**EXERCISE:**
Your reply should restate the lines from the top of the entries through the line containing "Fläckfri och utan" word for word, with no pictures.
- - - - -
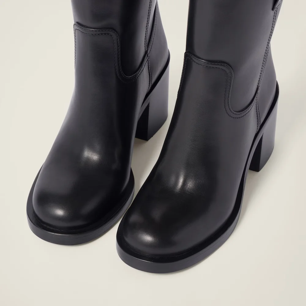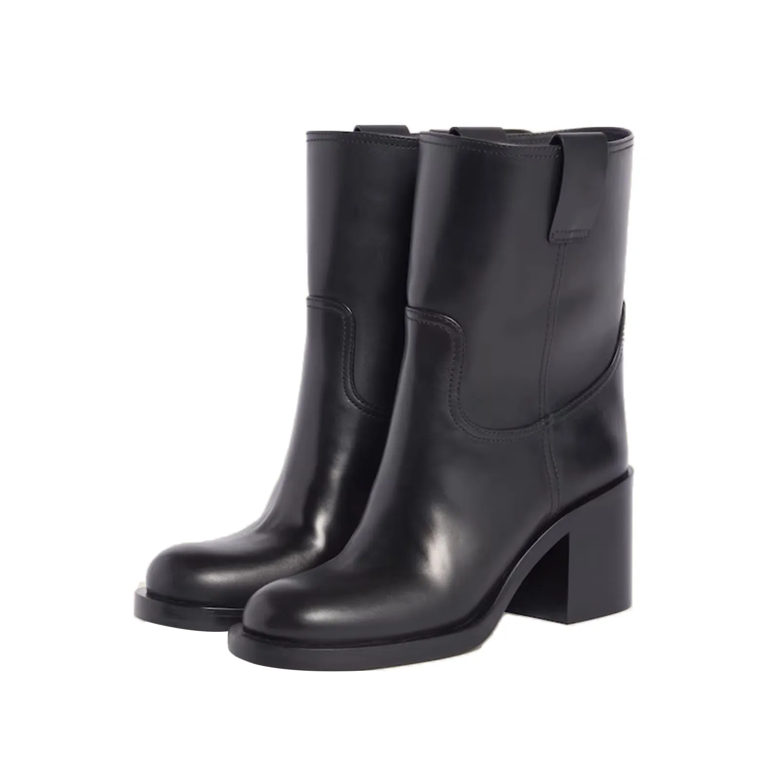 The sturdy block heel delivers confident height while maintaining all-day comfort, making these boots ideal for workdays, city strolls, and evening outings. A softly rounded toe, minimalist seam detailing, and subtle pull tabs complete the design with understated polish. Versatile and seasonless, this pair pairs seamlessly with tailored trousers, denim, knit dresses, or midi skirts.
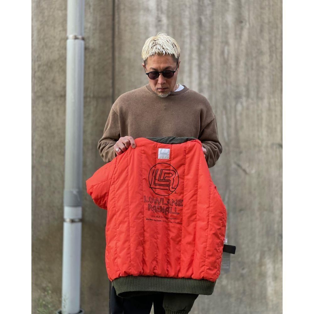 オレンジの裏地には縦方向のキルティングステッチが入り、ロゴがスクリーンプリントで入っています。
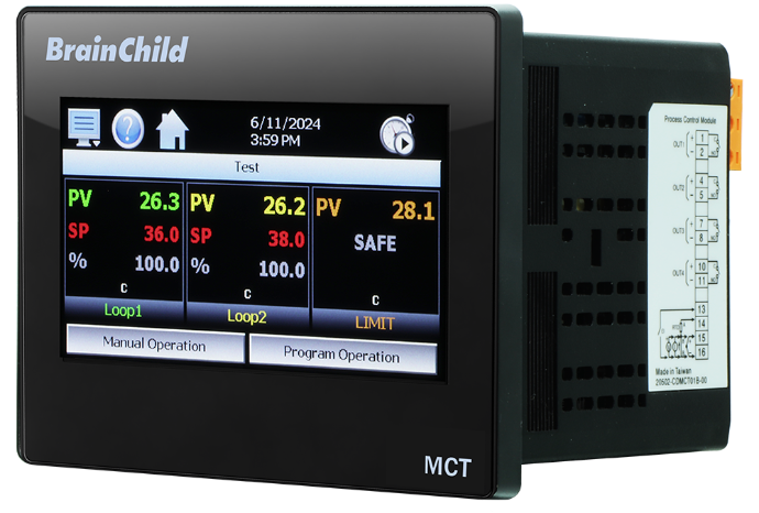 在半導體製程設備中,溫度控制不只是基本運轉條件,更直接影響製程穩定性、批次一致性與後續追溯管理。MCT 多迴路控制器整合多迴路控制、高限保護、趨勢圖表與資料記錄功能,並支援遠端監看、操作稽核追蹤、數位簽章與 升降溫程式控制,可協助設備建立更完整的溫控與資料管理架構。MCT 最多可支援 3 個控制迴路、64 段程式控制,並可將資料長期儲存在 SD 卡中,支援 USB 與 FTP 備份。
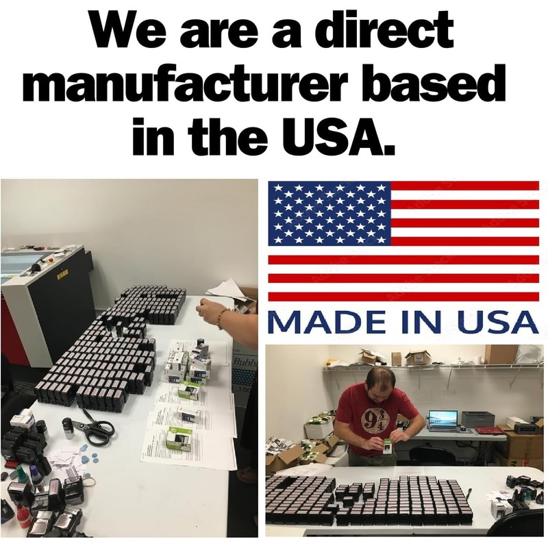 We are US based manufacturers of the stamps and we hand make each rubber stamp in our shop. Our thorough inspection process guarantees that the stamp is of the highest quality.
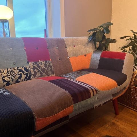 Fläckfri och utan skador (kanske något sliten i tyget)
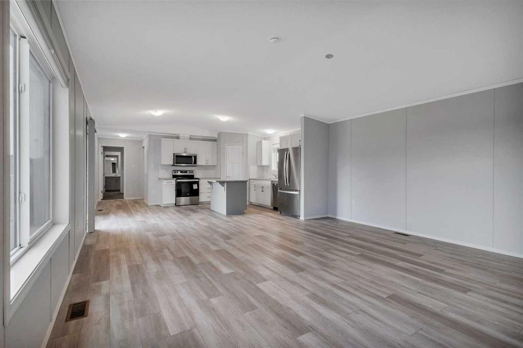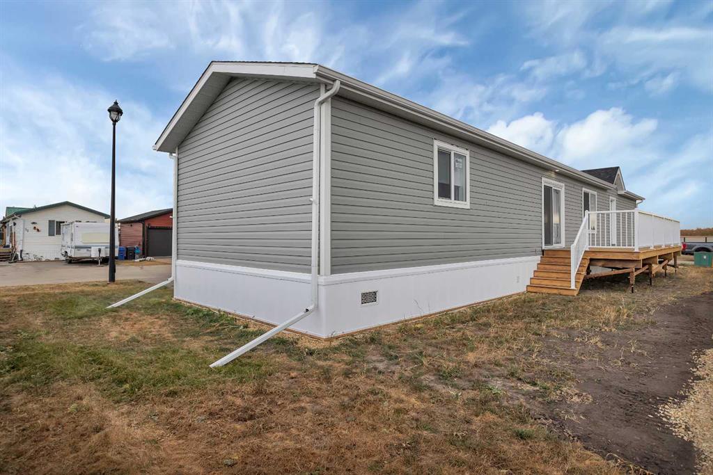 Visit REALTOR® website for additional information. Looking for a hassle-free, move-in-ready, brand-new home? This SRI Emerald modular home is presented by Dynamic Modular Homes in the friendly community of Blackfalds. It is backed by a 10-year home warranty and features durable 30-year architectural shingles, offering peace of mind and lasting value. Enjoy a bright, open-concept layout with vaulted ceilings and an inviting kitchen featuring an island with built-in cabinetry, a breakfast bar, and a spacious pantry. Sliding glass doors lead to your large south-facing deck — perfect for relaxing or entertaining. With 3 bedrooms and 2 full baths, this home is designed for both comfort and function. Two bedrooms feature walk-in closets, and the primary suite includes its own 3-piece ensuite. A stacked washer and dryer add everyday convenience. There is a lot fee of only $600/month that covers snow removal and garbage. Outside, find a convenient public visitor parking pad right beside the home. Located in a prime area of Blackfalds, this beautiful new home offers an affordable, low-maintenance lifestyle in one of Central Alberta’s most welcoming towns. Enjoy the easy access to nearby parks, schools, and shopping.
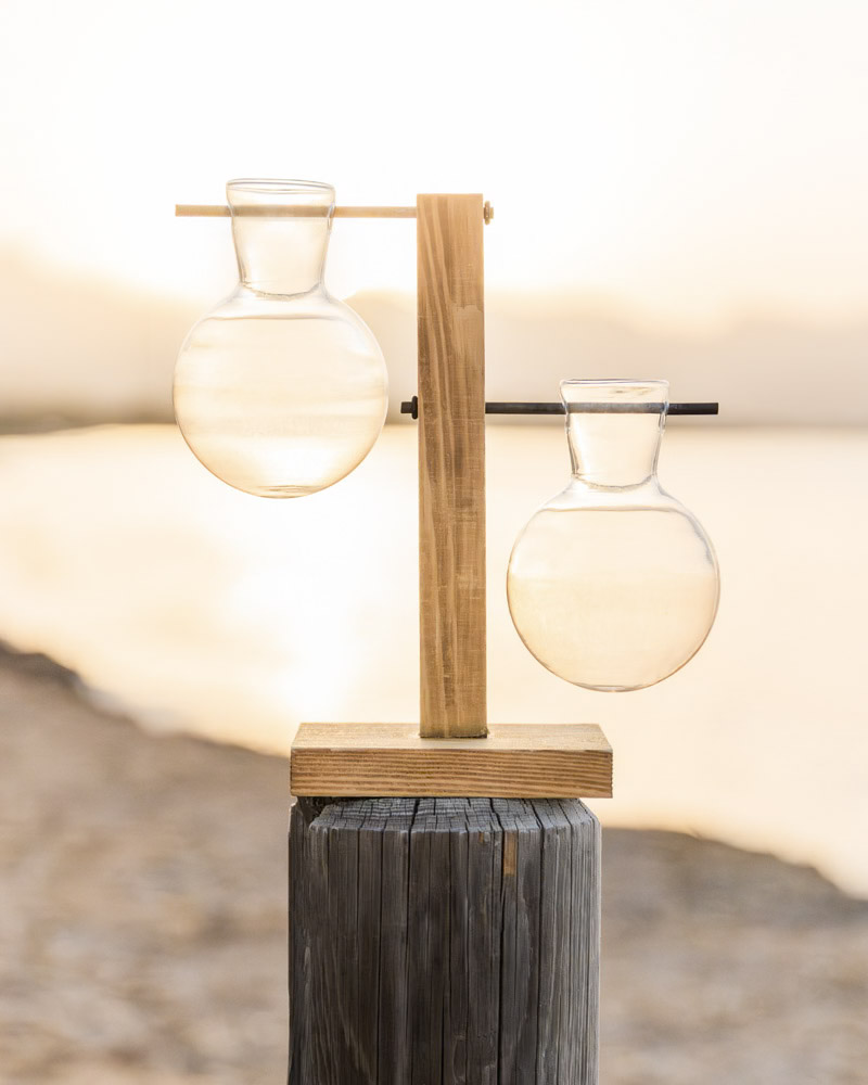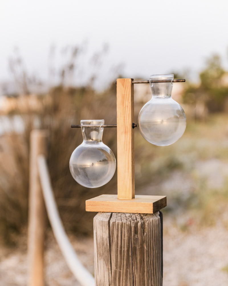 2 vasos de cristal, 1 base de madera y 2 enganches de metal
- - - - -
**OUTPUT:**
 The sturdy block heel delivers confident height while maintaining all-day comfort, making these boots ideal for workdays, city strolls, and evening outings. A softly rounded toe, minimalist seam detailing, and subtle pull tabs complete the design with understated polish. Versatile and seasonless, this pair pairs seamlessly with tailored trousers, denim, knit dresses, or midi skirts.
 オレンジの裏地には縦方向のキルティングステッチが入り、ロゴがスクリーンプリントで入っています。
 在半導體製程設備中,溫度控制不只是基本運轉條件,更直接影響製程穩定性、批次一致性與後續追溯管理。MCT 多迴路控制器整合多迴路控制、高限保護、趨勢圖表與資料記錄功能,並支援遠端監看、操作稽核追蹤、數位簽章與 升降溫程式控制,可協助設備建立更完整的溫控與資料管理架構。MCT 最多可支援 3 個控制迴路、64 段程式控制,並可將資料長期儲存在 SD 卡中,支援 USB 與 FTP 備份。
 We are US based manufacturers of the stamps and we hand make each rubber stamp in our shop. Our thorough inspection process guarantees that the stamp is of the highest quality.
 Fläckfri och utan skador (kanske något sliten i tyget)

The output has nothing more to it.